Why does Stouffer's method work?

Question

It seems like a fairly straightforward question, but when I really think about it, Stouffer's method doesn't make sense to me. This is why:

Assume a two-tailed hypothesis. You first calculate $z_i$ from $p$-values. So let's take a fairly simple example. Let's take two $p$-values of $0.05$. This means that $z_1$ and $z_2$ are both $\approx1.96$. According to Stouffer's method, $z_1$ and $z_2$ are combined such that:

$$ Z = \frac{\sum\limits_{i=1}^kZ_i}{\sqrt{k}} = \frac{1.96 + 1.96}{\sqrt{2}} = 2.77 $$

This $z$-score then gets converted to a $p$-value once again, resulting in a $p$-value of $0.005$, whereas the $p$-values from each $z_i$ individually is about $0.05$.

In this sense, it seems as though Stouffer's test artificially changes the resultant $p$-value to a value dissimilar to the $p$-values of each $z_i$, which to me, doesn't make sense.

Am I misunderstanding this test or can someone help me understand how / why it works?

Answer 1

The higher overall sample size leads to a higher power and thus to a smaller p value (at least if the working hypothesis is supported by the data).

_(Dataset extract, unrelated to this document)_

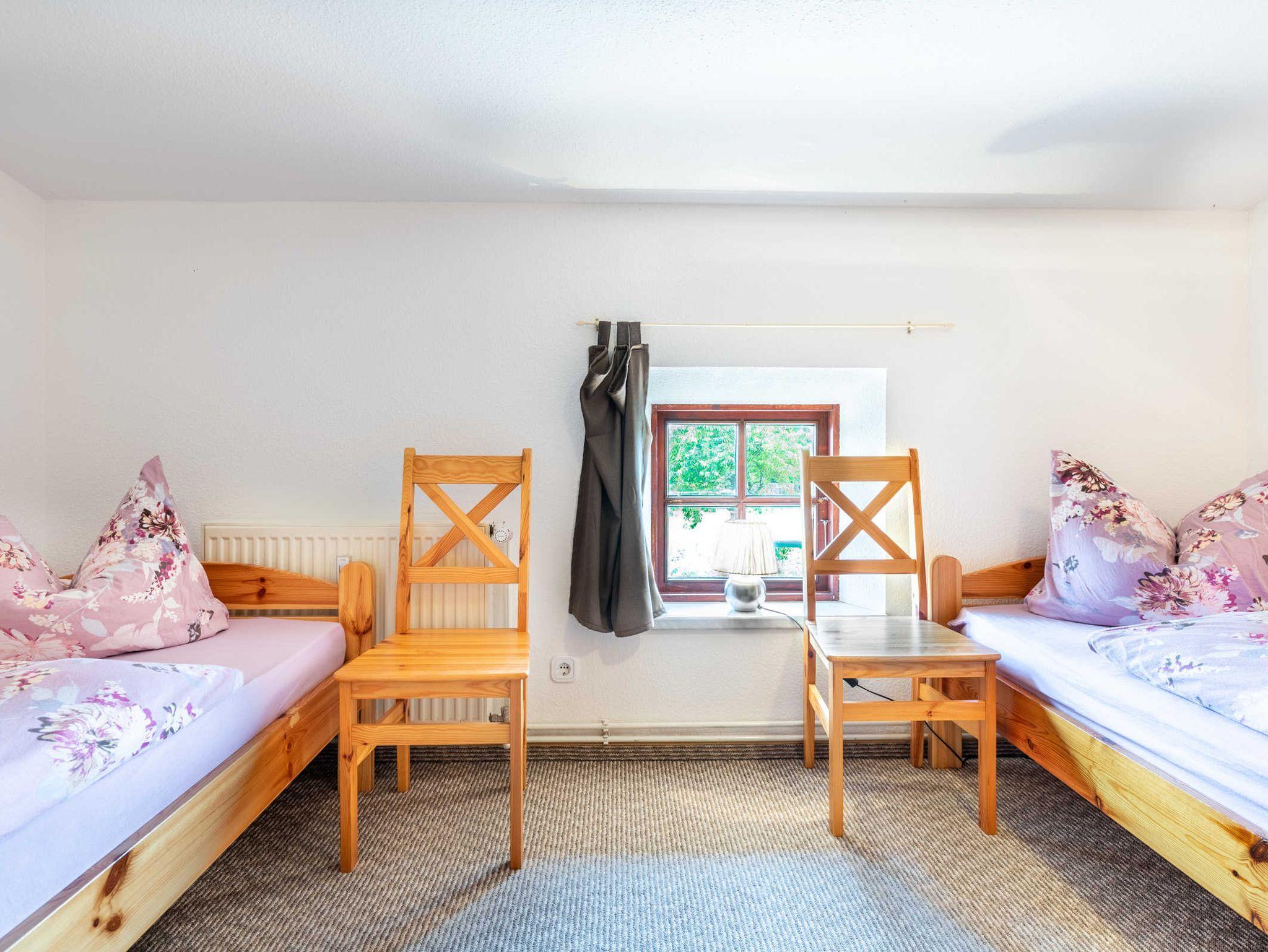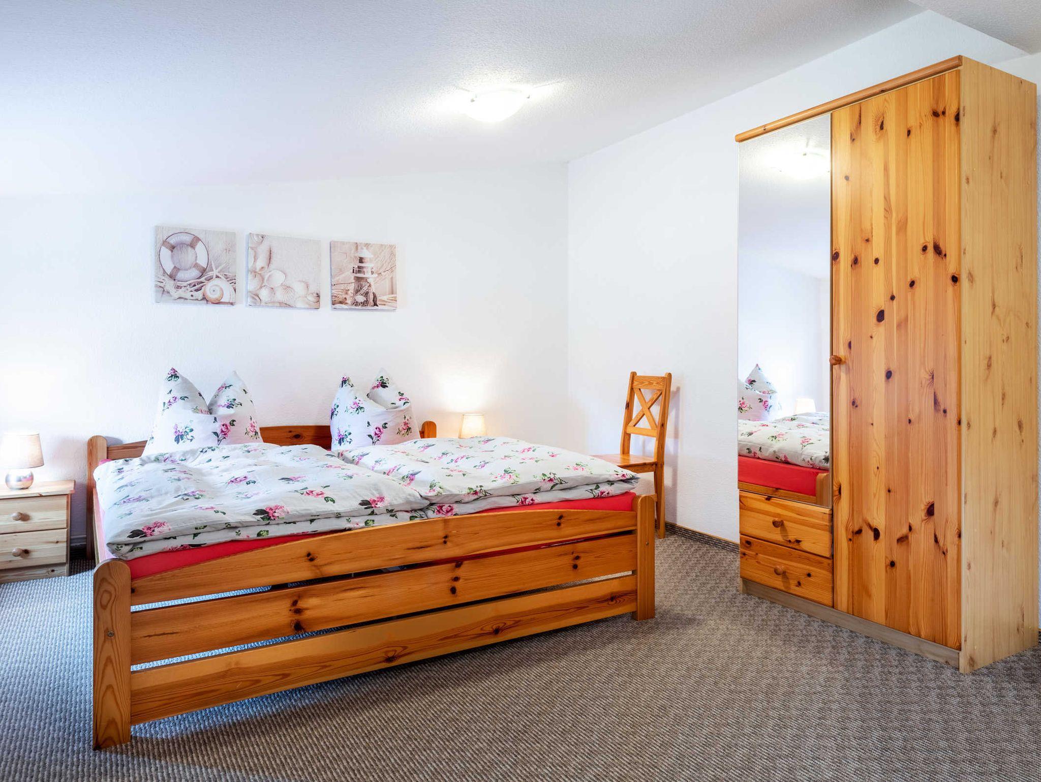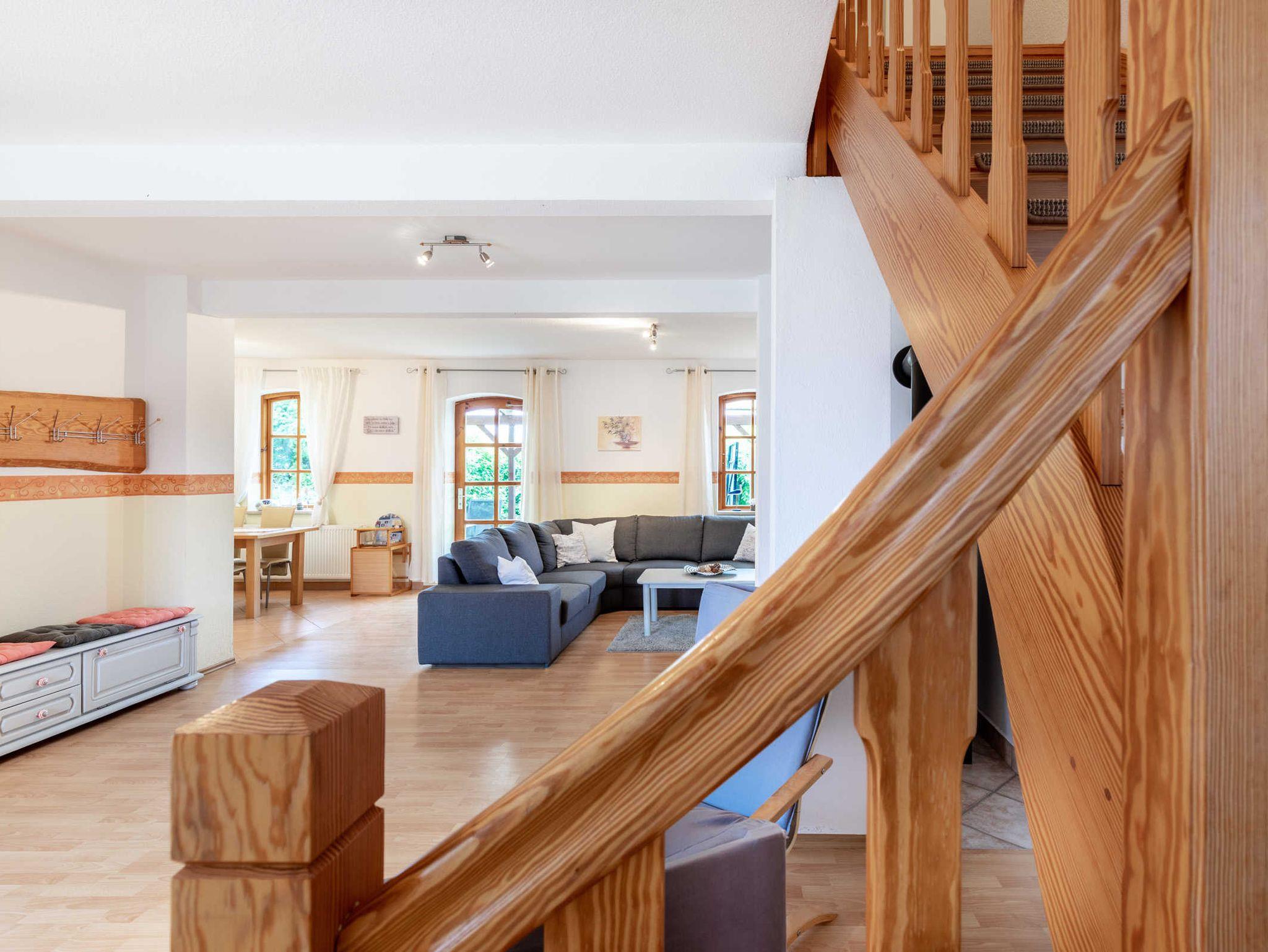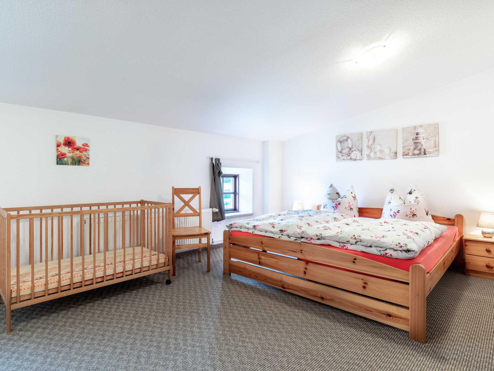 Oberer Bereich. Über eine stabile Treppe erreichen die Gäste den schönen oberen Bereich der Ferienwohnung. Hier befinden sich 3 großzügige separate Schlafzimmer. Schlafzimmer 1 mit Doppelbett und Kleiderschrank, Schlafzimmer 2 mit 2 Einzelbetten und Kleiderschrank. Schlafzimmer 3 mit Doppelbett sowie stabilem Holzkinderbettchen, Kleiderschrank.

This is usually the main point of any meta analysis: multiple weak evidences supporting a hypothesis are combined to strong evidence for it.

Answer 2

For simplicity think in terms of a test on means. Suppose under H0 the treatment effect is zero, so that each z value is a weighted estimate of the treatment effect θi. Stouffer's method gives an unweighted average of these treatment effects so will give a more precise estimate (and hence smaller p-value) than each separate z value. This unweighted estimate of the treatment effect is biased but a weighted Stouffer's method is possible, and if the weights are proportional to 1/standard error(θi) the treatment effect estimate is unbiased. This only makes sense however if the separate z values are measures of the same quantity. An advantage of Stouffer's and Fisher's methods is that they can also be applied to meta-analyses where different response variables have been chosen - so they can't be averaged - but where a consistency of direction of effect can still be discerned.

Answer 3

Think of it from a meta-analysis point of view: If there was no effect ($H_0$), $p$ values would be equally distributed between 0 and 1. So if you get $p<0.1$ in more than 10% of all single analyses (potentially many of them), this can amount to the conclusion that $H_0$ probably should be rejected.

I do not even see a problem for two-tailed tests: In this case the result should be interpreted as: It is unlikely that the true mean is 0 (in the example of a gaussian around 0), but I cannot tell (from either the previous or the combined $p$ value) if the true mean is above or below it.

Answer 4

I think it'd be fine to combine 2-tailed results because that means that the result would amount to zero (if there is evidence that the treatment enhances [right-tail] the disease of a patient but also evidence that it worsens [left-tail], the net result is no evidence towards a particular hypothesis since they cancel out and more observations are needed.